Reproduce only this stretch of the listing below: from the line with "截止2025年9月10日,珠海更是仅共成交4宗涉宅用地,共揽金约17.22亿。" through the line with "Join us at Lark", exactly as written, with pictures excluded.

═══ Supplied records

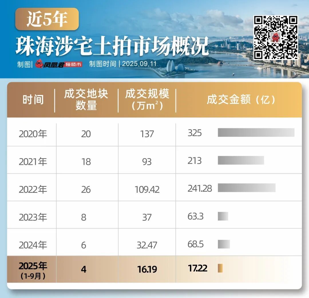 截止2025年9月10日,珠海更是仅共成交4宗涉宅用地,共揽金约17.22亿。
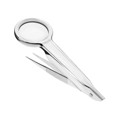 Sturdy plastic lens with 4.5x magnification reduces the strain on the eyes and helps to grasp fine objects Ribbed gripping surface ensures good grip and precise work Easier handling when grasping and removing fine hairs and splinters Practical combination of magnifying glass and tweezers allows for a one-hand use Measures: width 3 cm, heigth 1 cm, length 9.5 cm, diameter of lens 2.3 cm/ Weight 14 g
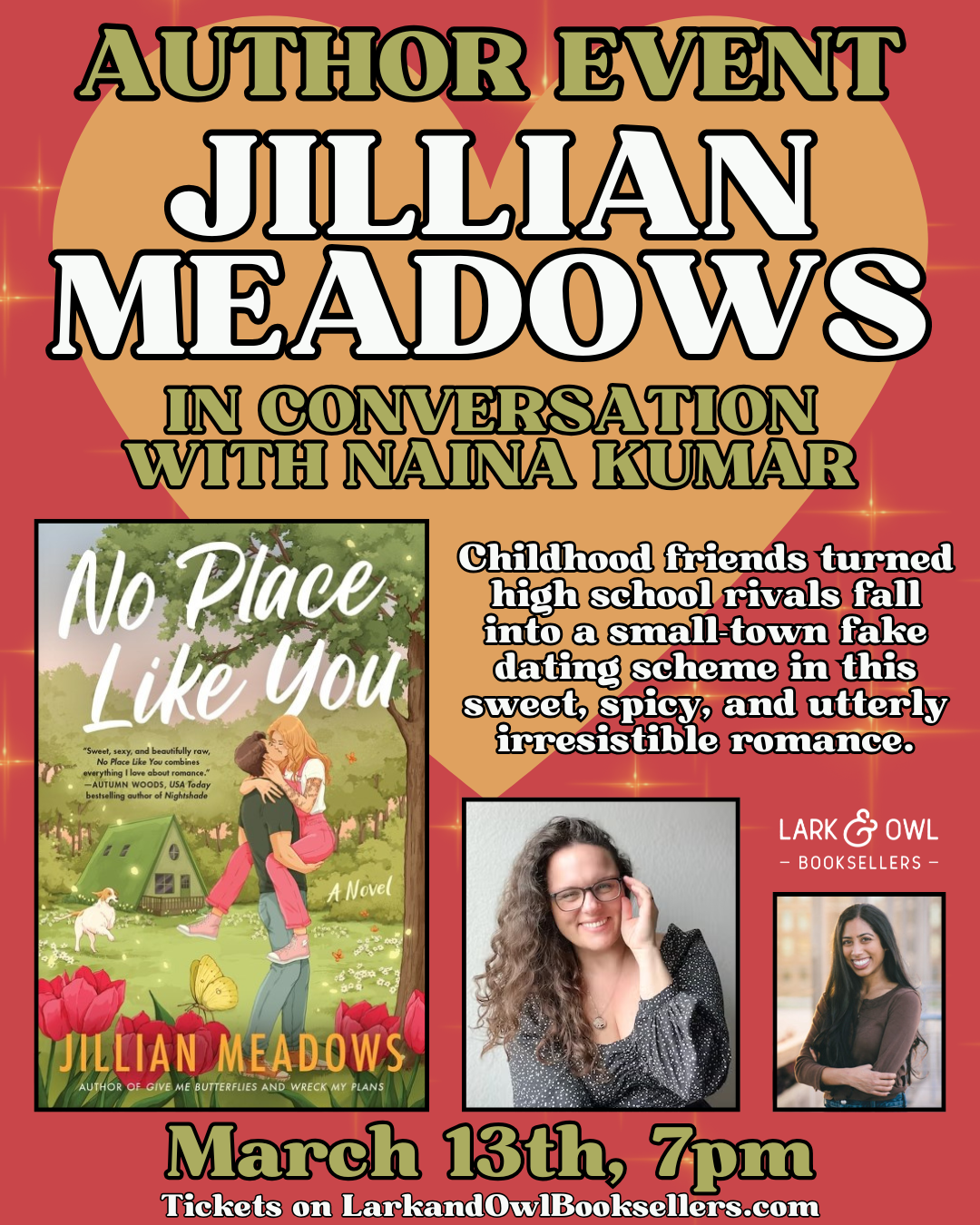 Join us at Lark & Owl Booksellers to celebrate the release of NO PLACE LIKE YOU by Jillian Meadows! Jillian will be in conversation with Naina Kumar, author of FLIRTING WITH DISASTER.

══════
═══ Supplied records

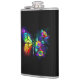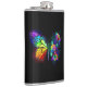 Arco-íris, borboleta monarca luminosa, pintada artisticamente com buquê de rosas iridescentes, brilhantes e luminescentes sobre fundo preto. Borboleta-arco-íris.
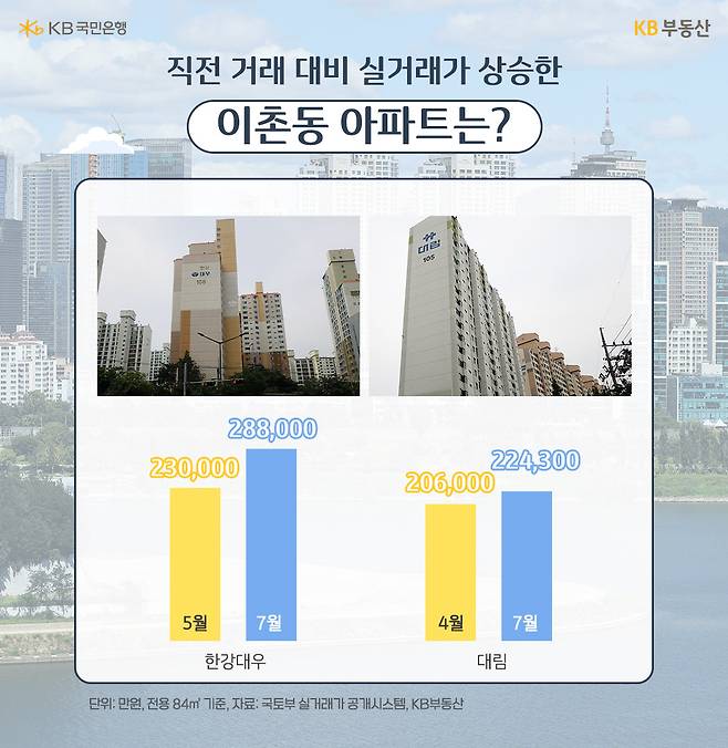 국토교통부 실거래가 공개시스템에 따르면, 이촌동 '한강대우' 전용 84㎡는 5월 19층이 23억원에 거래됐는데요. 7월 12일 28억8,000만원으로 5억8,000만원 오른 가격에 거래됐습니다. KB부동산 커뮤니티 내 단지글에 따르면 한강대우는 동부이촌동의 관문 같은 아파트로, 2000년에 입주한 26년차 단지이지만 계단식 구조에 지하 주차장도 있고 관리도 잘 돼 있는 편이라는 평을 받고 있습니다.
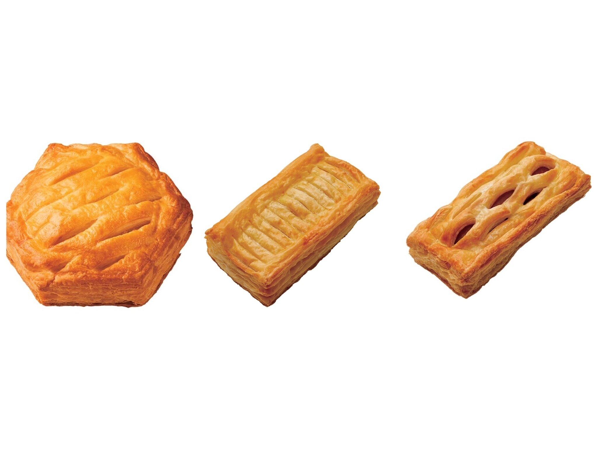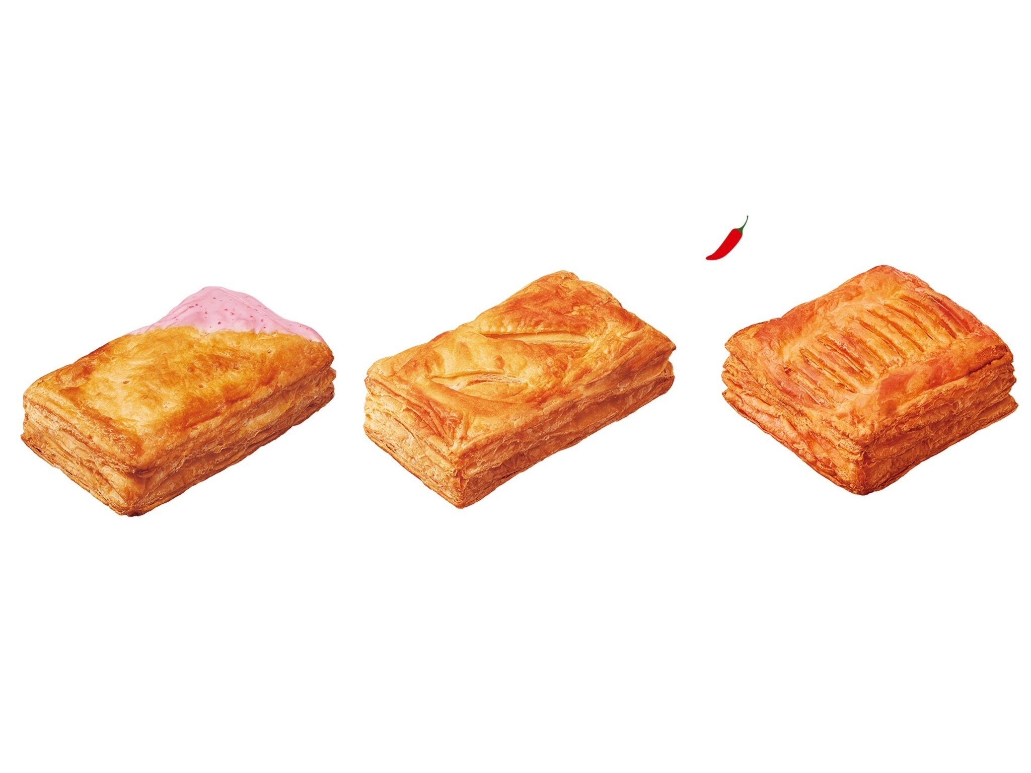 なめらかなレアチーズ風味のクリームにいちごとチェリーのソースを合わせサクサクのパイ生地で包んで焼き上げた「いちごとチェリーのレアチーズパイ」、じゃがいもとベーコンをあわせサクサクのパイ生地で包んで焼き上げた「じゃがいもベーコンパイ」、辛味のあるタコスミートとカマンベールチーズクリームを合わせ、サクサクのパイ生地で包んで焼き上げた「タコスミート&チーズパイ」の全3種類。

══════

- **Task answer**:
 截止2025年9月10日,珠海更是仅共成交4宗涉宅用地,共揽金约17.22亿。
 Sturdy plastic lens with 4.5x magnification reduces the strain on the eyes and helps to grasp fine objects Ribbed gripping surface ensures good grip and precise work Easier handling when grasping and removing fine hairs and splinters Practical combination of magnifying glass and tweezers allows for a one-hand use Measures: width 3 cm, heigth 1 cm, length 9.5 cm, diameter of lens 2.3 cm/ Weight 14 g
 Join us at Lark & Owl Booksellers to celebrate the release of NO PLACE LIKE YOU by Jillian Meadows! Jillian will be in conversation with Naina Kumar, author of FLIRTING WITH DISASTER.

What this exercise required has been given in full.